-------- Supplied records --------

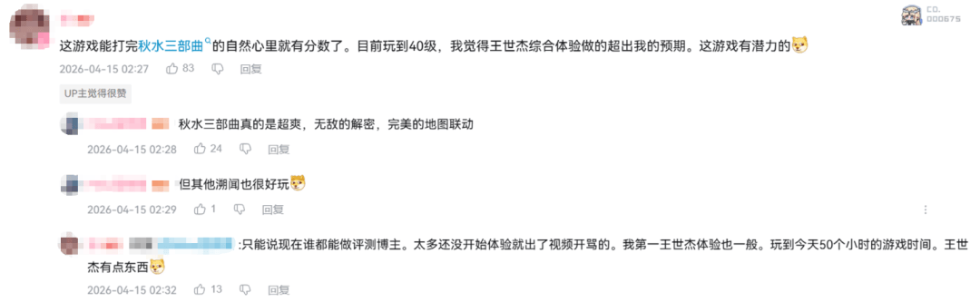 可以看到,大部分好评都聚焦到游戏的中后期内容:英雄支线剧情做得好,战斗还原度远超预期,世界观展开之后代入感变强。有玩家表示“一开始觉得也挺一般,打完秋水三部曲之后综合体验超预期,一上头直接玩了50个小时,只能说王世杰有点东西。”
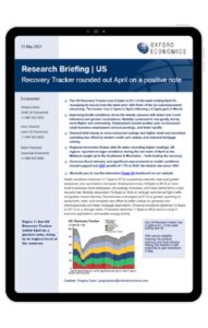 The US Recovery Tracker rose 0.2ppts to 91.1 in the week ending April 30, recouping its losses from the week prior with three of the six subcomponents advancing. The tracker rose 2.7ppts in April, following a 6.7ppts gain in March. Improving health conditions drove the weekly advance with fewer new Covid infections and greater vaccinations. Mobility continued to rise gently, led by more flights and commuting. Employment posted another gain on increased small business employment and job postings, and fewer layoffs.
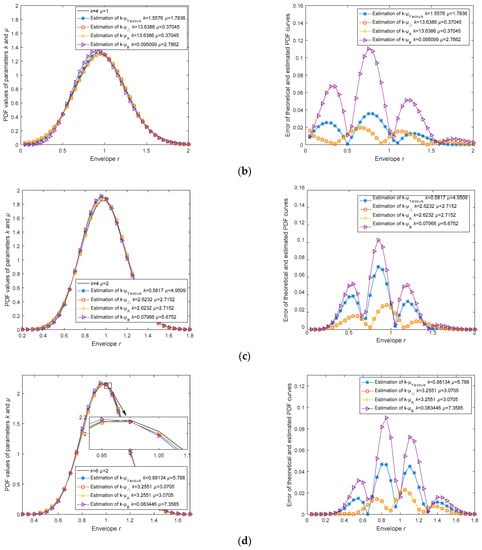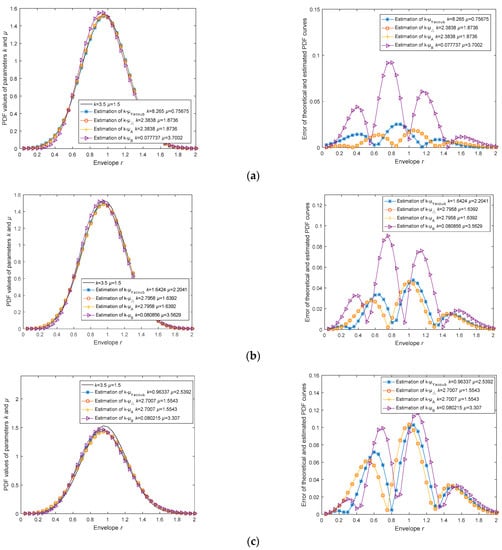 In Figure 2, the left column of the plots demonstrates the comparison between the PDF curves calculated from the estimated k and μ parameters and the theoretical PDF curves. The right column of plots shows the errors between the four estimated PDF curves and the theoretical PDF curves. In Table 3, RMSEpdf refers to the root mean square error between the PDF curve and the theoretical PDF curve, while the last column displays the ranking of estimation accuracy for each estimator in each experiment.
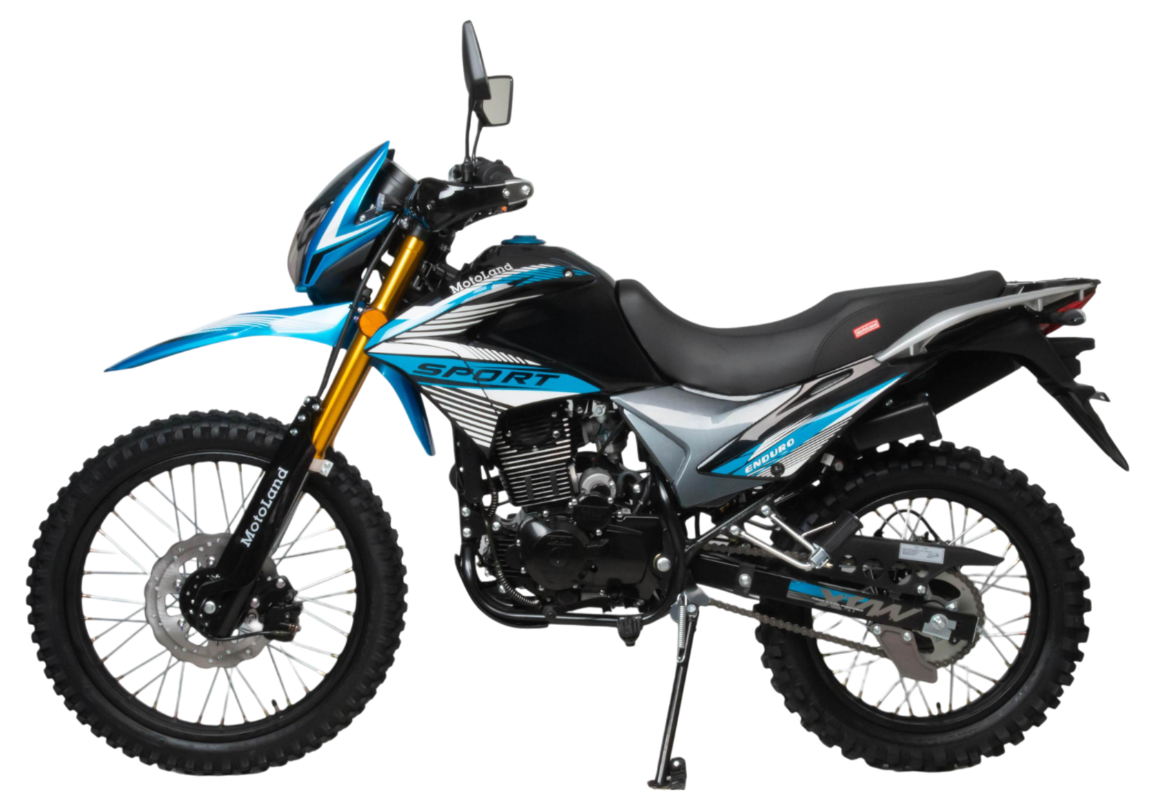 Прочность, мощь и надежность – вот ключевые характеристики кроссового мотоцикла 300 ENDURO ST NEON от бренда MOTOLAND. Этот байк представляет собой идеальное сочетание высоких технологий и безупречного дизайна, созданного для тех, кто стремится преодолевать любые трудности на дороге.Одной из важнейших особенностей этой модели является ее мощный двигатель с рабочим объемом 300 см3 и маркировкой 175 FMN PR5. С мощностью в 25 лошадиных сил и балансирным валом, этот мотоцикл готов преодолевать самые сложные трассы.Что касается трансмиссии, то здесь применена механическая передача с пятью ступенями и цепным ГРМ, что обеспечивает плавное переключение передач и высокую надежность в эксплуатации.Система охлаждения воздушно-масляная, что дает эффективное охлаждение двигателя в самых экстремальных условиях. А при запуске мотоцикла вы сможете воспользоваться как электростартером, так и кикстартером, делая его надежным в любой ситуации.Карбюратор PZ34 и свеча зажигания D8EA гарантируют оптимальную работу двигателя на любых режимах, а использование бензина с октановым числом 92 обеспечивает экономичный расход топлива.Этот мотоцикл оснащен спицованными металлическими колесами размером 90х100 R21 спереди и 110х100 R18 сзади, что обеспечивает отличное сцепление с дорогой и устойчивость на пересеченной местности.Приборная панель выполнена в формате LCD, отображая ярко и четко информацию о состоянии мотоцикла. А линзованная диодная фара и задний стоп-сигнал гарантируют безопасность в ночное время и обозначают ваше присутствие на дороге.
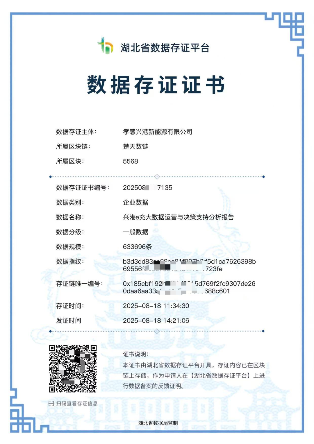 在孝南区政务服务和大数据局指导下,兴港公司顺利完成了一系列数据资产化流程:首先在湖北省数据流通交易平台完成“数商”认证,随后在湖北省数据存证平台通过区块链技术对数据完成存证,并最终成功获得产权登记。该证书明确了企业对相关数据具有持有权、经营权和使用权,其法律权属的确认为企业后续的数据资产交易、融资、入股等市场化运作扫清了障碍。
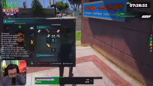 07:32:27Nach einem Vorwurf, einen Unfall gefaked zu haben, eskaliert die Situation. Der Streamer bedroht einen anderen Charakter mit einem Messer, das er als mit Hepatitis infizierte Glasflasche bezeichnet. Es kommt zu einer fiktiven Verletzung, bei der jemand von der Brücke stürzt und einen schweren Unfall mit Beinverletzungen erleidet, der ein Rettungseinsatz der EMS nach sich zieht.
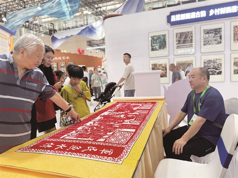 “這次帶兩幅作品來文博會,就是想讓更多人知道,傳統(tǒng)剪紙技藝不只是剪花鳥、刻紋樣,還能以絨布為載體,承載讓人熱淚盈眶的紅色故事?!笨粗骨榜v足的游客,尤其是年輕人們認(rèn)真聽講解、拍照記錄的樣子,讓成栓亮很感動,他說,“我最大的心愿就是能為這些作品辦一次專屬展覽,希望能把這些紅色記憶刻得更細(xì)、傳得更遠(yuǎn),讓更多人從這些作品里讀懂歷史,不忘初心?!?/p>
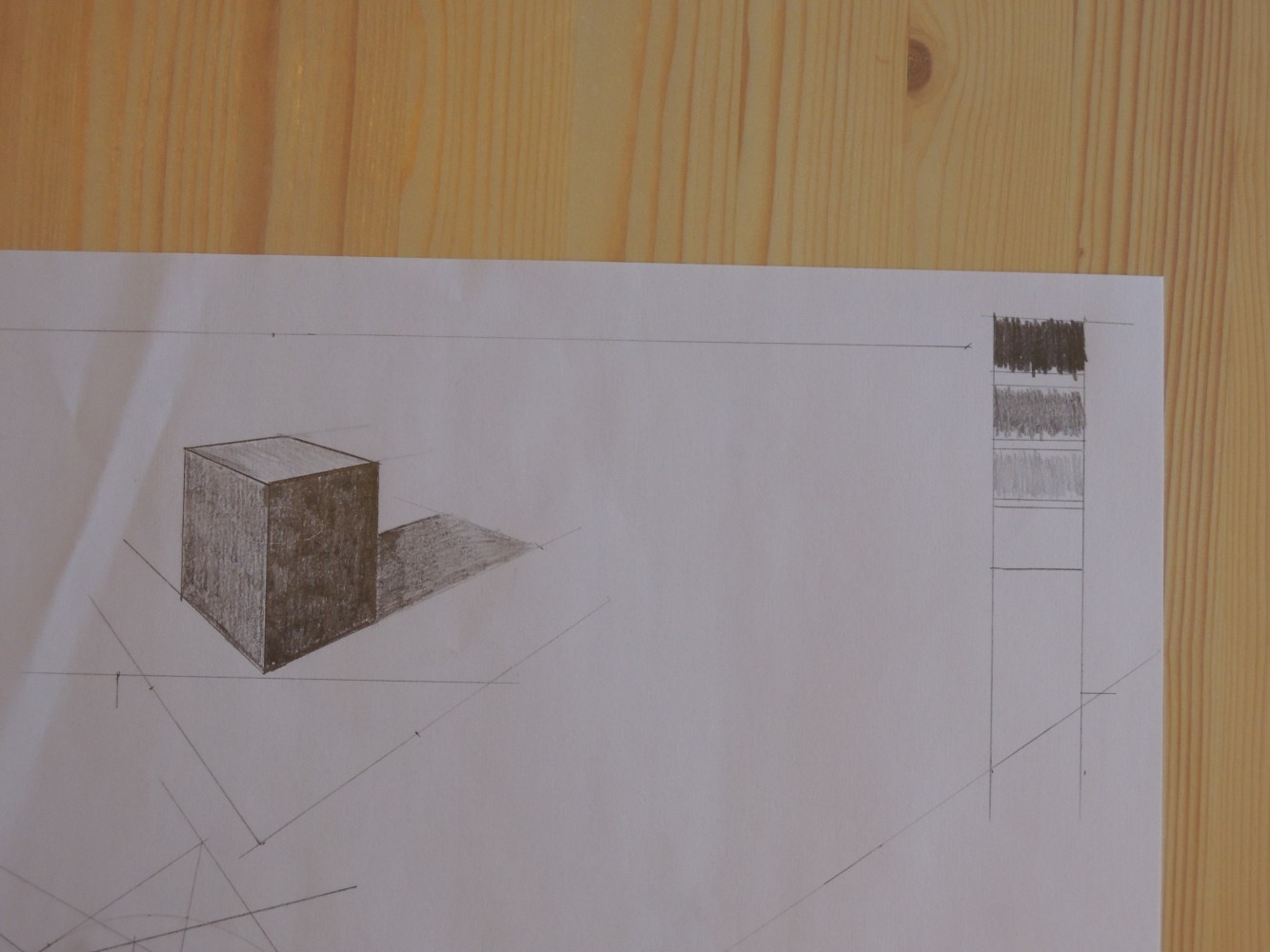 1: ein Würfel. Ich wollte die Perspektive der Zeichnung vertiefen. Ich fragte mich, wie man einen "echten" Würfel in der Perspektive zeichnet. Hier ist ein sehr vereinfachter Fall: Ich habe aus einer Planansicht angefangen und den Standpunkt mit der niedrigen Ecke des Platzes im Plan verwirrt. Dann verwirrte ich die Erdlinie und die Horizontlinie. Dann machte ich eine vereinfachte Planung, um meinen Platz in der Perspektive zu erhöhen. Ich nutzte die Gelegenheit, um einen ersten Werttest durchzuführen (mit einem Modell und einer hausgemachten Beleuchtung).

--------

# What is expected:
Quote word for word only the lines above from the one containing "The US Recovery" through the one containing "In Figure 2, the". Pictures stay out of your copy.

# Exercise result:
 The US Recovery Tracker rose 0.2ppts to 91.1 in the week ending April 30, recouping its losses from the week prior with three of the six subcomponents advancing. The tracker rose 2.7ppts in April, following a 6.7ppts gain in March. Improving health conditions drove the weekly advance with fewer new Covid infections and greater vaccinations. Mobility continued to rise gently, led by more flights and commuting. Employment posted another gain on increased small business employment and job postings, and fewer layoffs.
 In Figure 2, the left column of the plots demonstrates the comparison between the PDF curves calculated from the estimated k and μ parameters and the theoretical PDF curves. The right column of plots shows the errors between the four estimated PDF curves and the theoretical PDF curves. In Table 3, RMSEpdf refers to the root mean square error between the PDF curve and the theoretical PDF curve, while the last column displays the ranking of estimation accuracy for each estimator in each experiment.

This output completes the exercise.